Because we need to go through the String element by element and check whether a value is a space, we’ll convert our String to an array of bytes using the as_bytes method.

fn first_word(s: &String) -> usize {
    let bytes = s.as_bytes();

    for (i, &item) in bytes.iter().enumerate() {
        if item == b' ' {
            return i;
        }
    }

    s.len()
}

fn main() {}

接下来，我们使用 iter 方法在字节数组上创建一个迭代器：

Next, we create an iterator over the array of bytes using the iter method:

fn first_word(s: &String) -> usize {
    let bytes = s.as_bytes();

    for (i, &item) in bytes.iter().enumerate() {
        if item == b' ' {
            return i;
        }
    }

    s.len()
}

fn main() {}

我们将在第 13 章中更详细地讨论迭代器。现在，你只需知道 iter 是一个返回集合中每个元素的方法，而 enumerate 包装了 iter 的结果，并将每个元素作为元组的一部分返回。enumerate 返回的元组的第一个元素是索引，第二个元素是该元素的引用。这比我们自己计算索引要方便一些。

We’ll discuss iterators in more detail in Chapter 13. For now, know that iter is a method that returns each element in a collection and that enumerate wraps the result of iter and returns each element as part of a tuple instead. The first element of the tuple returned from enumerate is the index, and the second element is a reference to the element. This is a bit more convenient than calculating the index ourselves.

因为 enumerate 方法返回一个元组，所以我们可以使用模式来解构该元组。我们将在第 6 章中更多地讨论模式。在 for 循环中，我们指定了一个模式，其中 i 代表元组中的索引，而 &item 代表元组中的单个字节。因为我们从 .iter().enumerate() 获得的是元素的引用，所以我们在模式中使用 &。

Because the enumerate method returns a tuple, we can use patterns to destructure that tuple. We’ll be discussing patterns more in Chapter 6. In the for loop, we specify a pattern that has i for the index in the tuple and &item for the single byte in the tuple. Because we get a reference to the element from .iter().enumerate(), we use & in the pattern.

在 for 循环内部，我们使用字节字面量语法搜索代表空格的字节。如果找到了空格，我们就返回该位置。否则，我们通过使用 s.len() 返回字符串的长度。

Inside the for loop, we search for the byte that represents the space by using the byte literal syntax. If we find a space, we return the position. Otherwise, we return the length of the string by using s.len().
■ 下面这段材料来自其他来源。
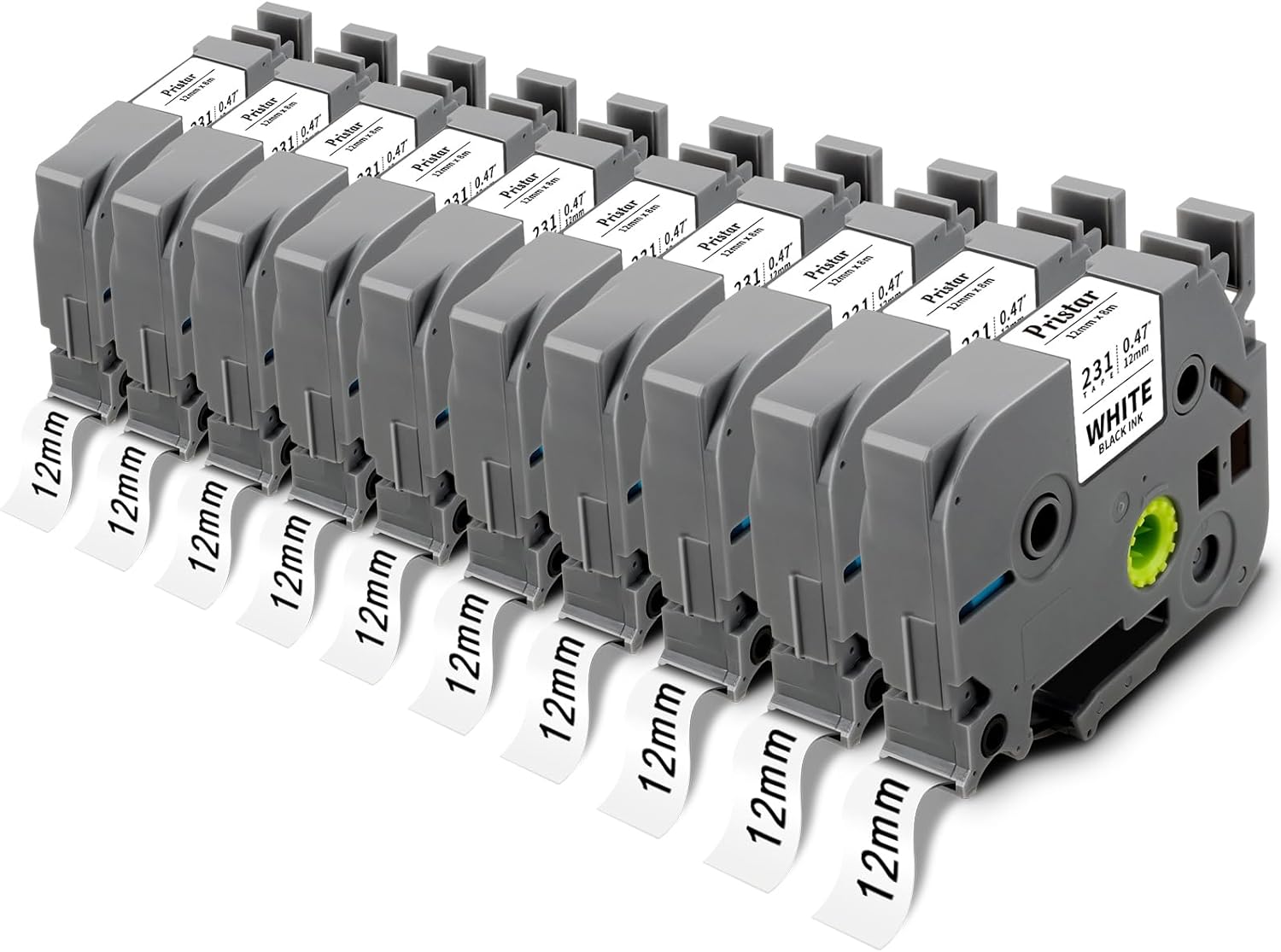 - 10 Pack Pristar Kompatibel mit Brother TZe-231 TZ 231 TZe231 Tze 12mm Schriftband (Non OEM)

fn first_word(s: &String) -> usize {
    let bytes = s.as_bytes();

    for (i, &item) in bytes.iter().enumerate() {
        if item == b' ' {
            return i;
        }
    }

    s.len()
}

fn main() {}

现在我们有了一种找出字符串中第一个单词结尾索引的方法，但这里有一个问题。我们单独返回了一个 usize，但它只有在 &String 的上下文中才是有意义的数字。换句话说，因为它是一个与 String 分离的值，所以无法保证它在将来仍然有效。考虑示例 4-8 中使用了示例 4-7 中 first_word 函数的程序。

We now have a way to find out the index of the end of the first word in the string, but there’s a problem. We’re returning a usize on its own, but it’s only a meaningful number in the context of the &String. In other words, because it’s a separate value from the String, there’s no guarantee that it will still be valid in the future. Consider the program in Listing 4-8 that uses the first_word function from Listing 4-7.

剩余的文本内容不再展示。